Tuesday, November 29th, 2005

“Poseidon sat at his desk, going over the accounts.”

So here’s Kafka at his desk. At the insurance company. All he wants to do is go home and get to Work, but instead, he’s got to be at the office, doing work. The problem is: he’s competent. This was supposed to be a “temporary” sort of gig, but they’ve promoted him twice in the last six months. They’ve got him writing memos. They’ve got him writing articles. Annual Reports. Lectures. Evaluations. The work piles up. Everybody loves him. “That Kafka,” they say, “he sure can write a memo!” He’s in his twenties. It’s a respectable job. His father brags to friends. He enjoys the bread, but the work means nothing to him.
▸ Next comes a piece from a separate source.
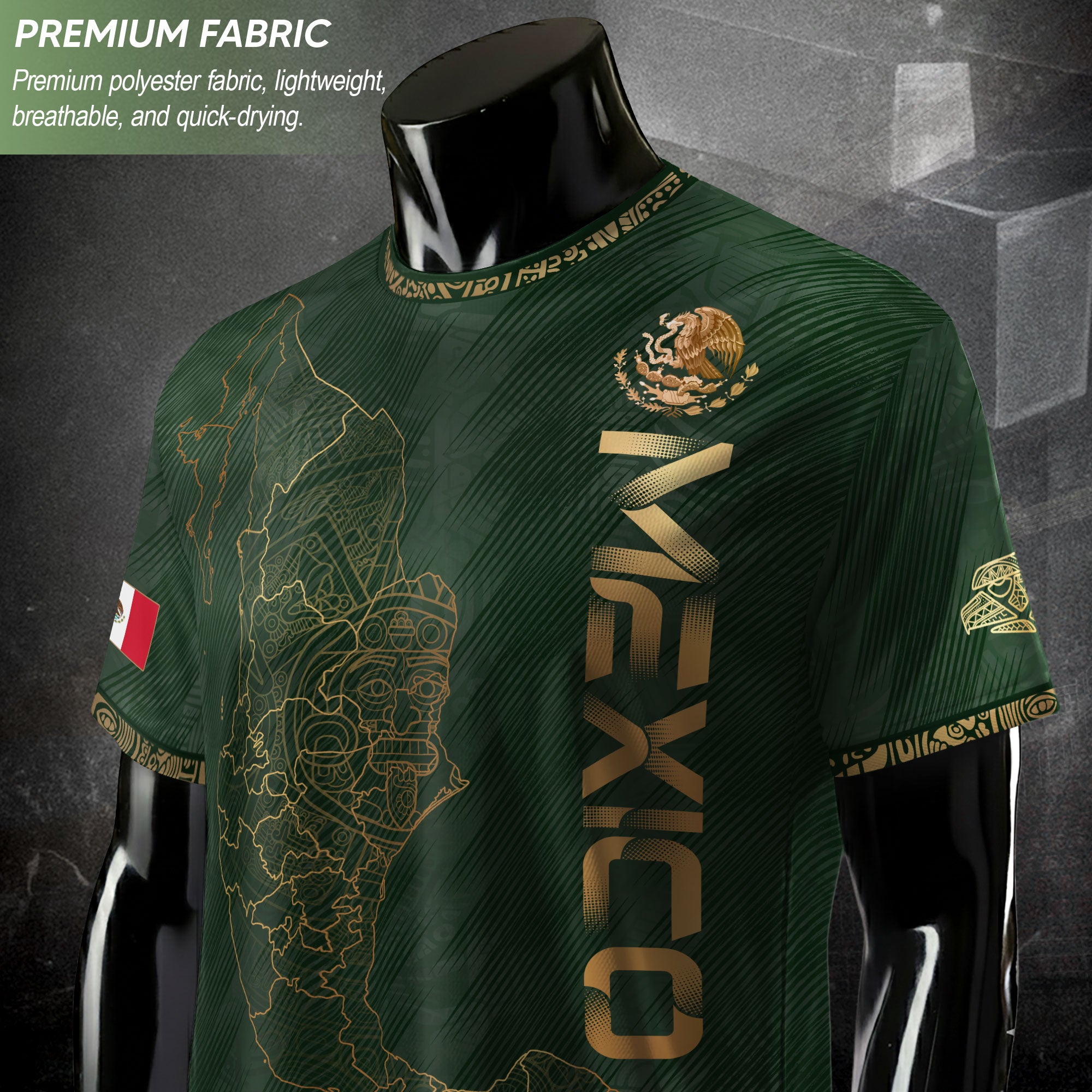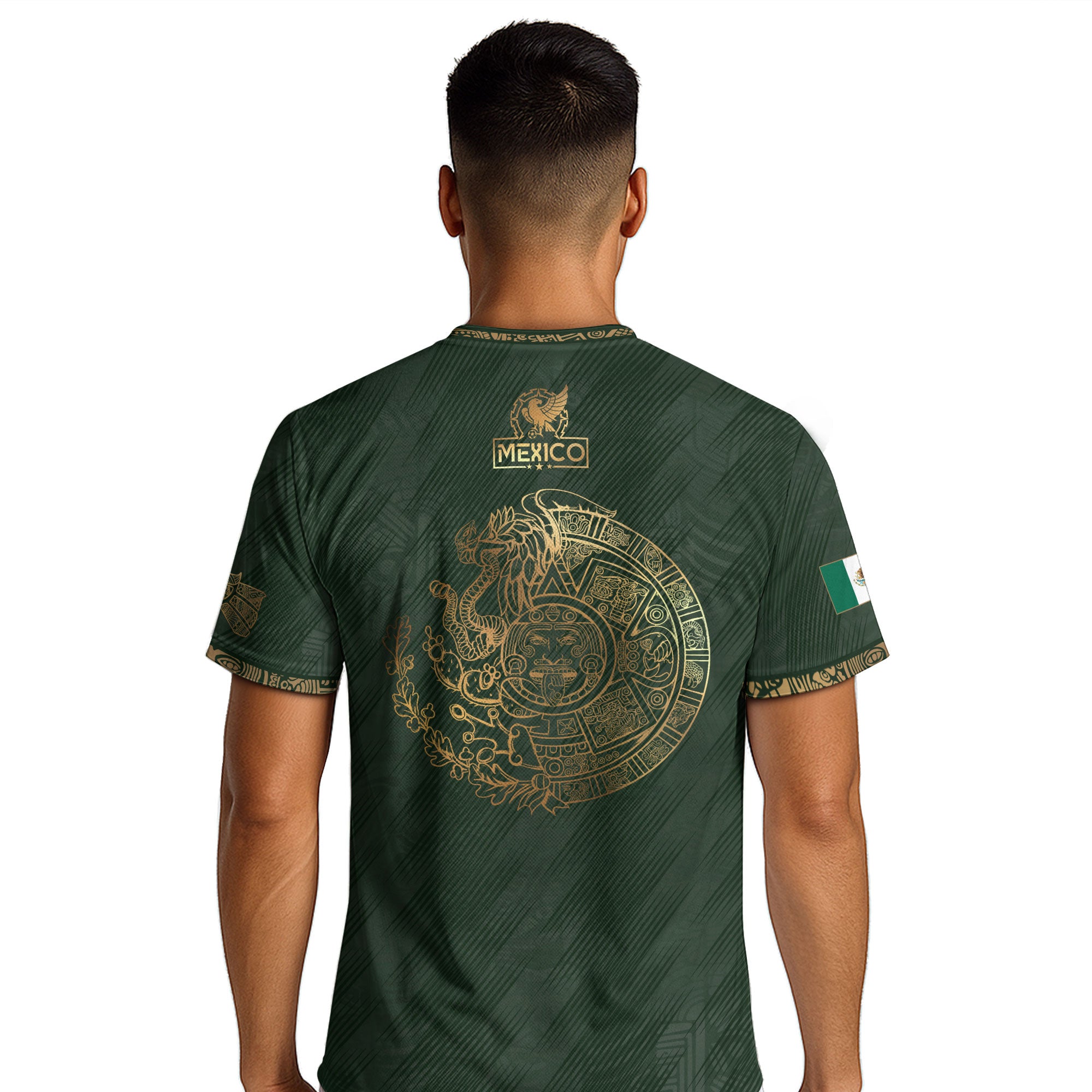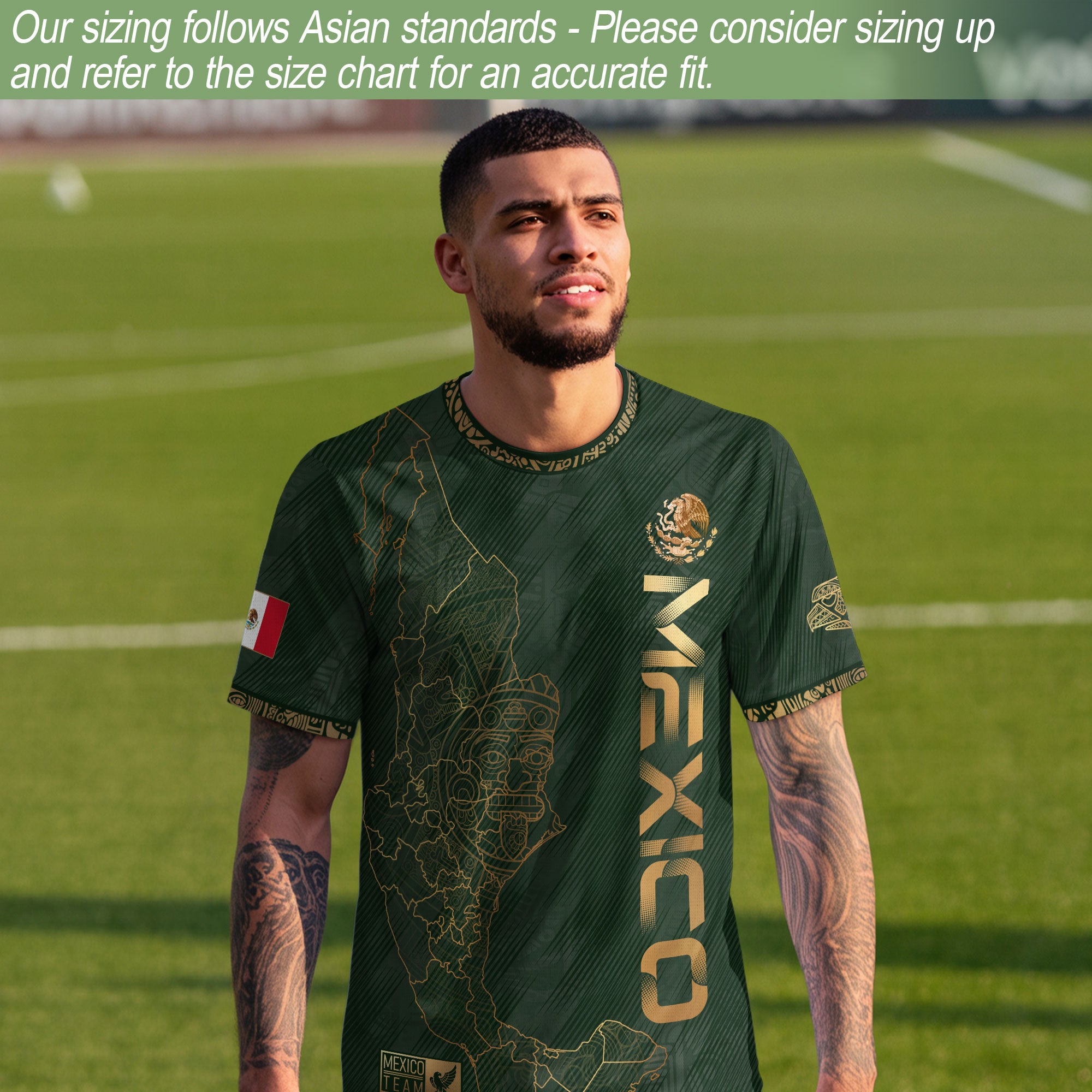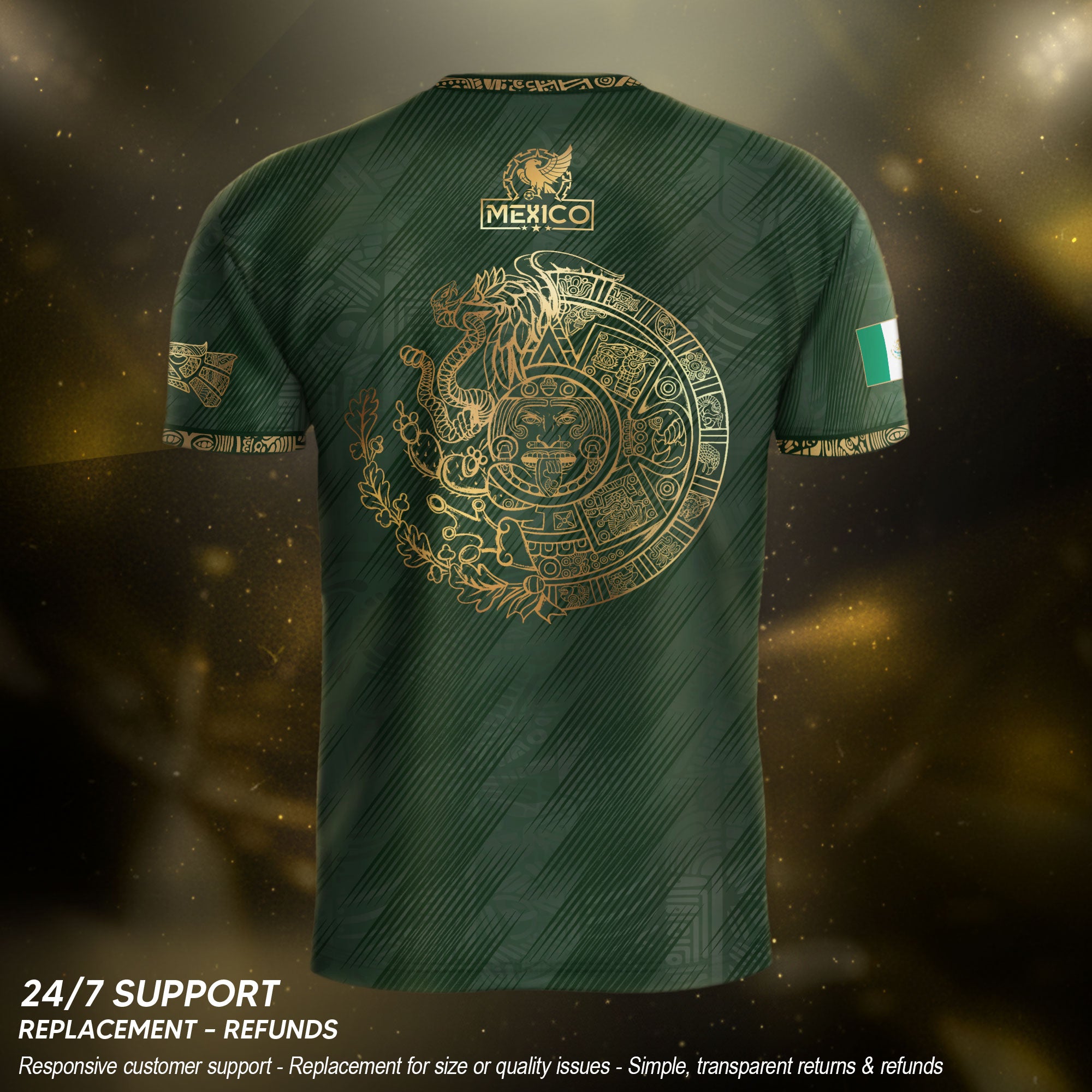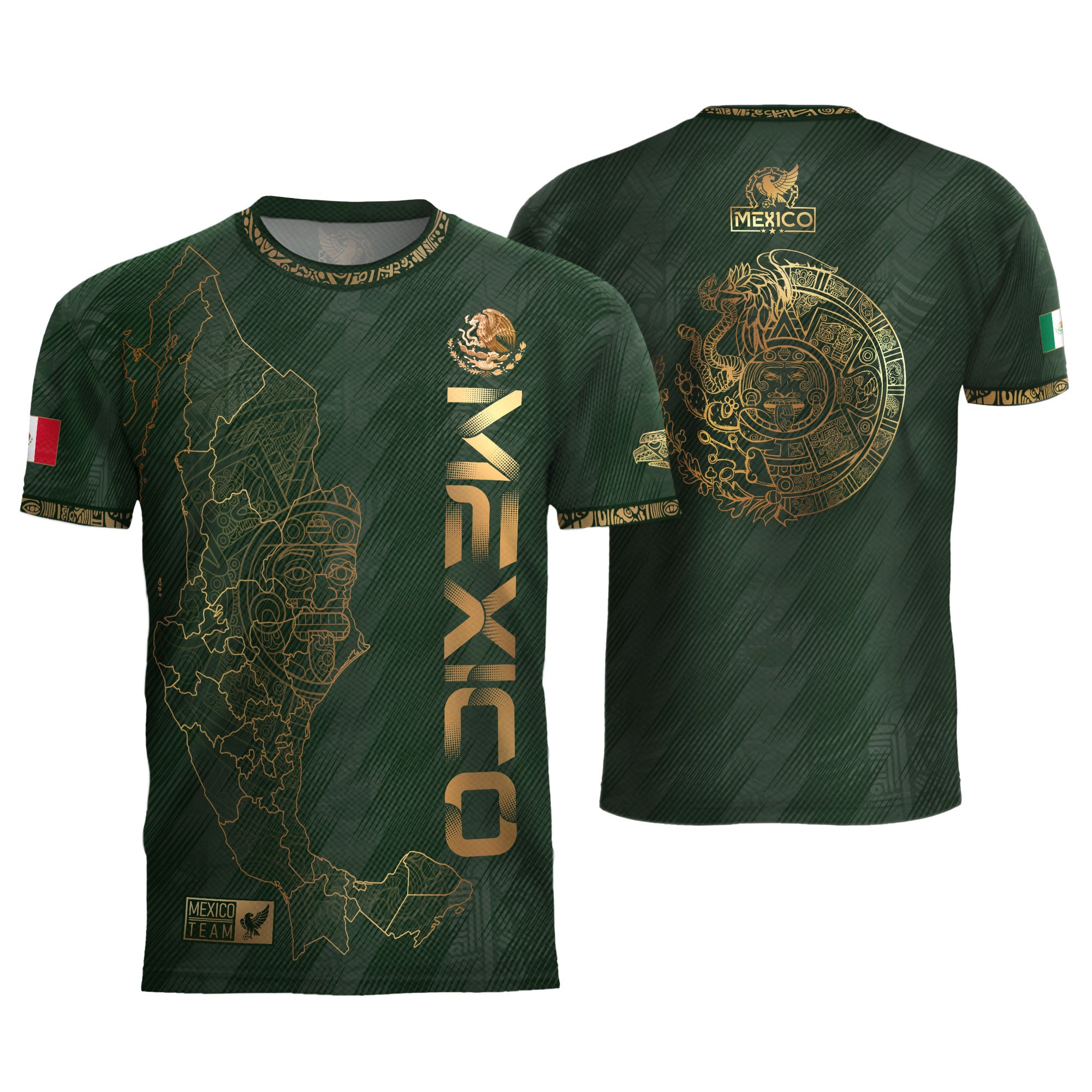 Mexico Heritage Orgullo Mexicano Green Gold Country Map Aztec Calendar Soccer Jersey

He dashes off e-mails to his girlfriend: “The office is a horror!” He only wants to Work, but he must work. So he writes in secret. He writes a story about a god who can’t be a God because he’s too busy doing godly paperwork. He writes a story about a faster who’s pretty much out of a job, because nobody sits around and watches fasters anymore–they have cable and internet. He writes a story about a guy who hates work so much that he transforms himself into a giant cockroach. (Think of the sick pay!) Then one day, with the Microsoft Word cursor blinking at him, his fingers hovering over the Minimize Shortcut [WINDOWS key + M], his nerves shot from looking out over his shoulder for snoopy co-workers passing the cubicle, Kafka has a revelation. “Screw it,” he says. “I’m going to go get my MFA.”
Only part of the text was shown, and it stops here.